Problem:
Go through the listing below and write out exactly the lines from the one that mentions "Förstenat fossilt trä" through the one that mentions "Lawell Kemeja Casual", minus the pictures.

Extracted material:
>>>
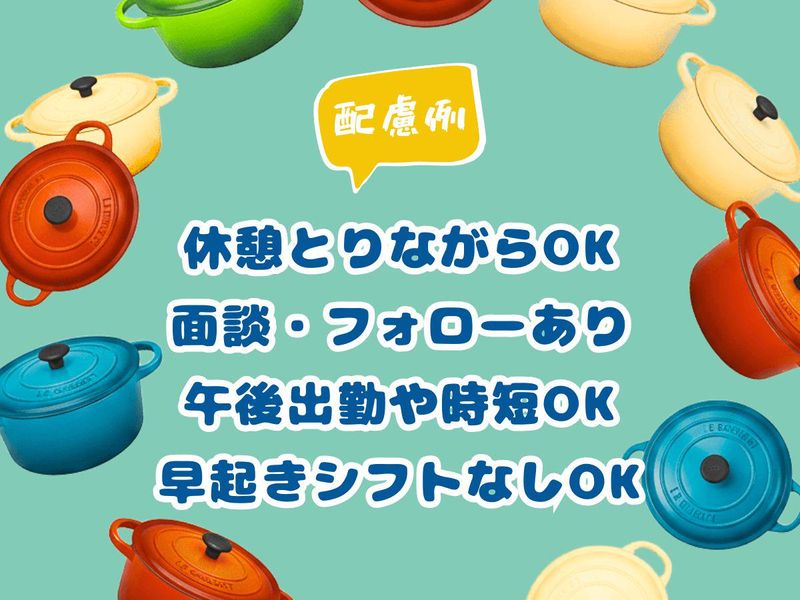 仕事内容 ●遅番歓迎 ●時短勤務OK ●フルタイムもOK ●学生さんも活躍中 ●長期も短期も可 【ル・クルーゼ】 三井アウトレットパーク北陸小矢部店 店舗販売サポートスタッフ募集 ※障がい者採用 心温まるキッチンウェアを届けませんか? 色鮮やかなお鍋や食器に囲まれて、 料理の楽しさを支えるお仕事です。 閉店時間まで一緒に勤務できる方を募集します。 お仕事内容 店舗の運営を接客サポートとして支えていただくお仕事です。 接客サポート:お客様への簡単なご案内やお会計の補助をお願いします。 商品の品出し・陳列:新しく入荷したお鍋や食器を棚に並べます。 在庫管理:バックヤードでの整理整頓。 清掃:店内を清潔に保ちます。
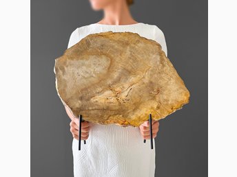 Förstenat fossilt trä 25 x 36 cm inklusive stativ av metall 20-23 miljoner år
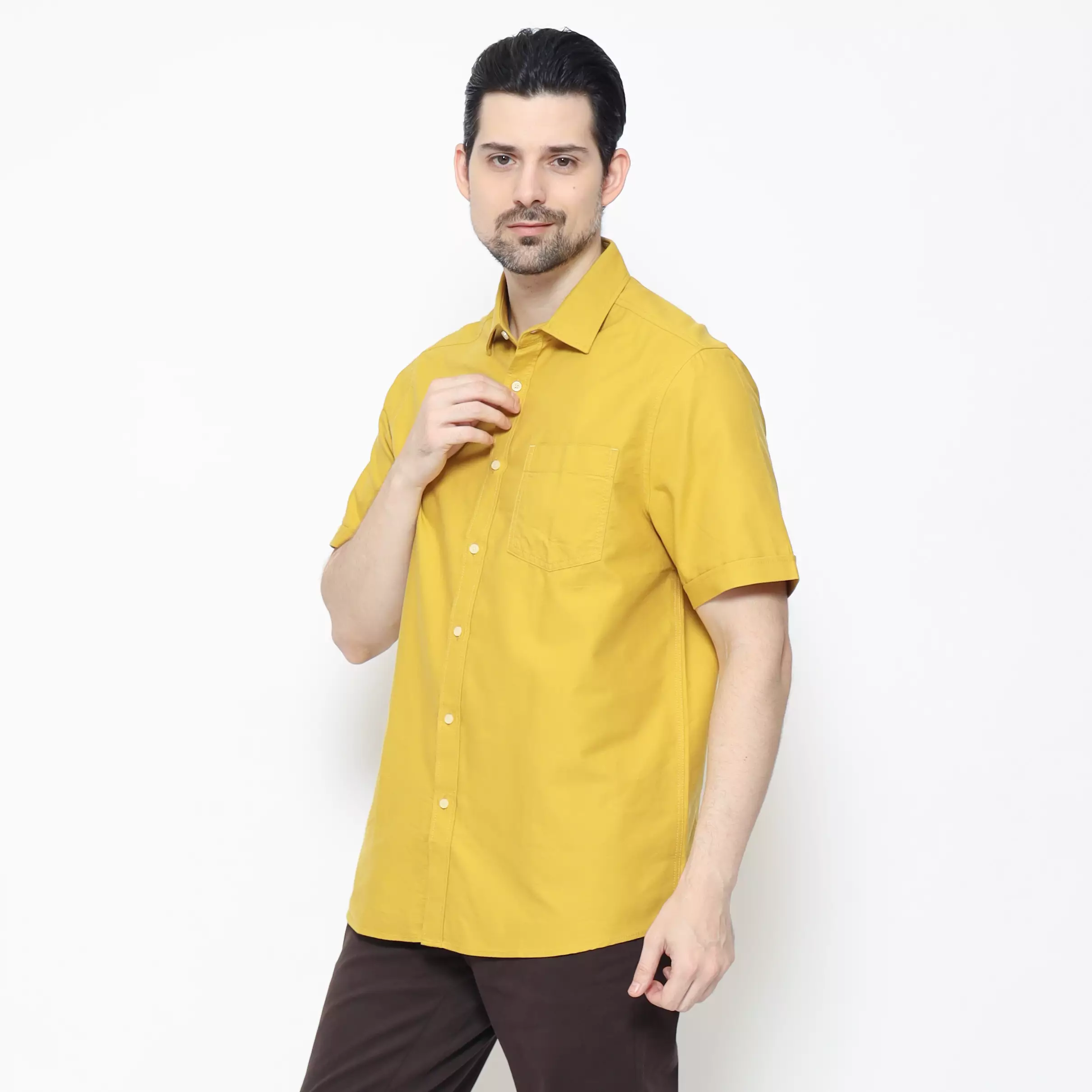 Lawell Kemeja Casual Pria Lengan Pendek Regular Fit Warna Yellow – Cotton Oxford Kecil – KING-MSRC
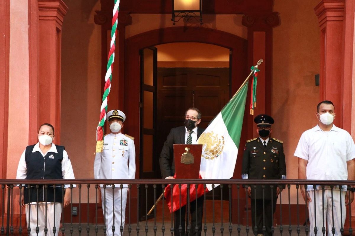 Después de realizar los honores al lábaro patrio, el jefe del Ejecutivo estatal recibió la Bandera Mexicana, de parte de la escolta de la 24/a Zona Militar y llamó a la población a celebrar en familia este CCXI aniversario del inicio de la lucha por la independencia nacional, sin arriesgar su salud.
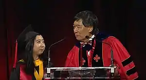 After the speech, university president Wallace Loh, a native of Shanghai, returned to the lectern on the verge of tears and commented, "[the speech] was most inspiring. And like you and your parents, I also am an American by choice, and you have expressed some of the deepest feelings I feel for this country."[3]
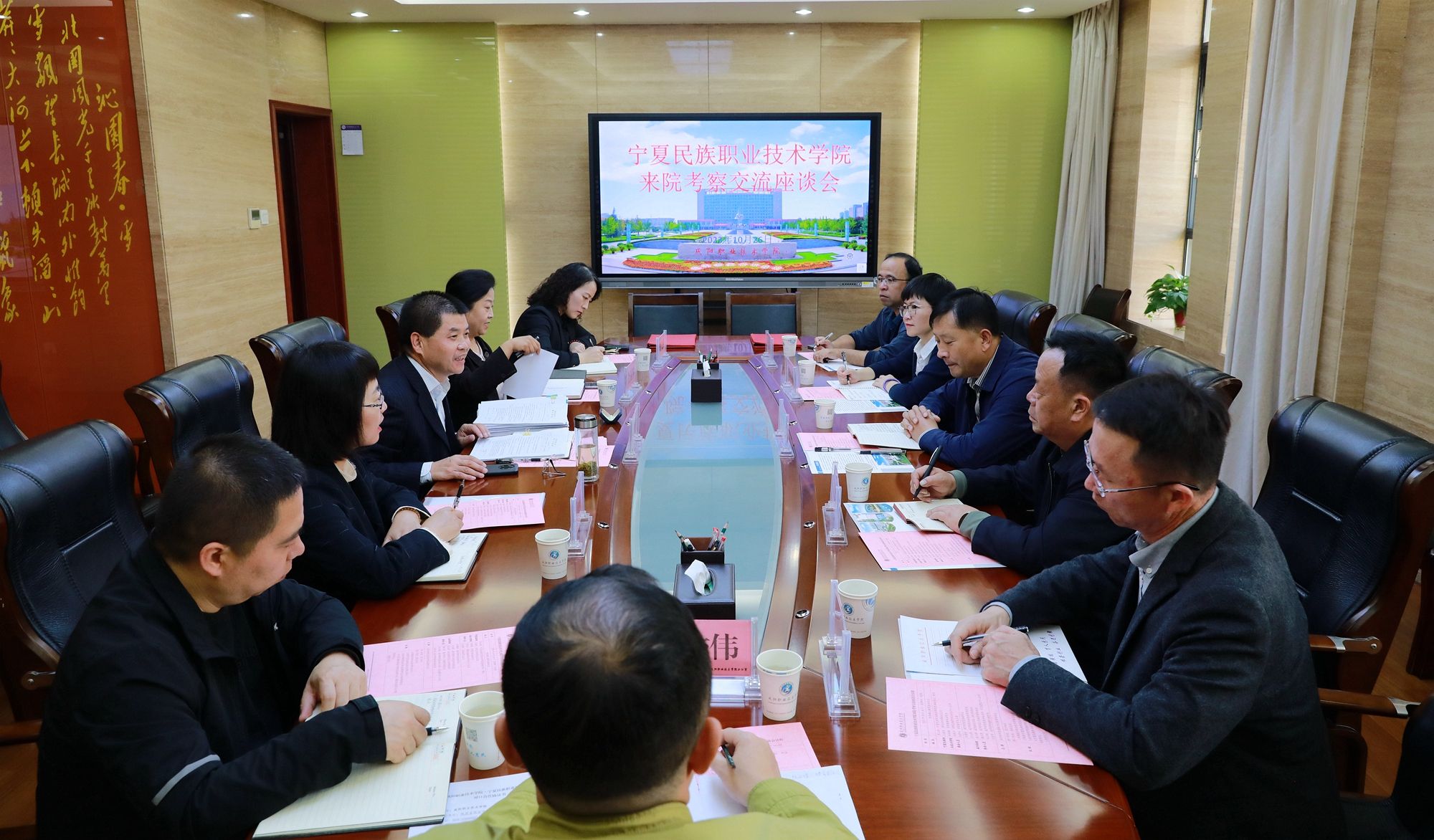 10月26日,宁夏民族职业技术学院党委副书记、院长焦玉柱一行6人到咸阳职院考察交流。学院党委副书记张建刚,学院办公室、教务处、仪祉农林学院、信息工程学院、小学教育学院负责人及相关人员参加座谈会。
<<<
Answer section:
 Förstenat fossilt trä 25 x 36 cm inklusive stativ av metall 20-23 miljoner år
 Lawell Kemeja Casual Pria Lengan Pendek Regular Fit Warna Yellow – Cotton Oxford Kecil – KING-MSRC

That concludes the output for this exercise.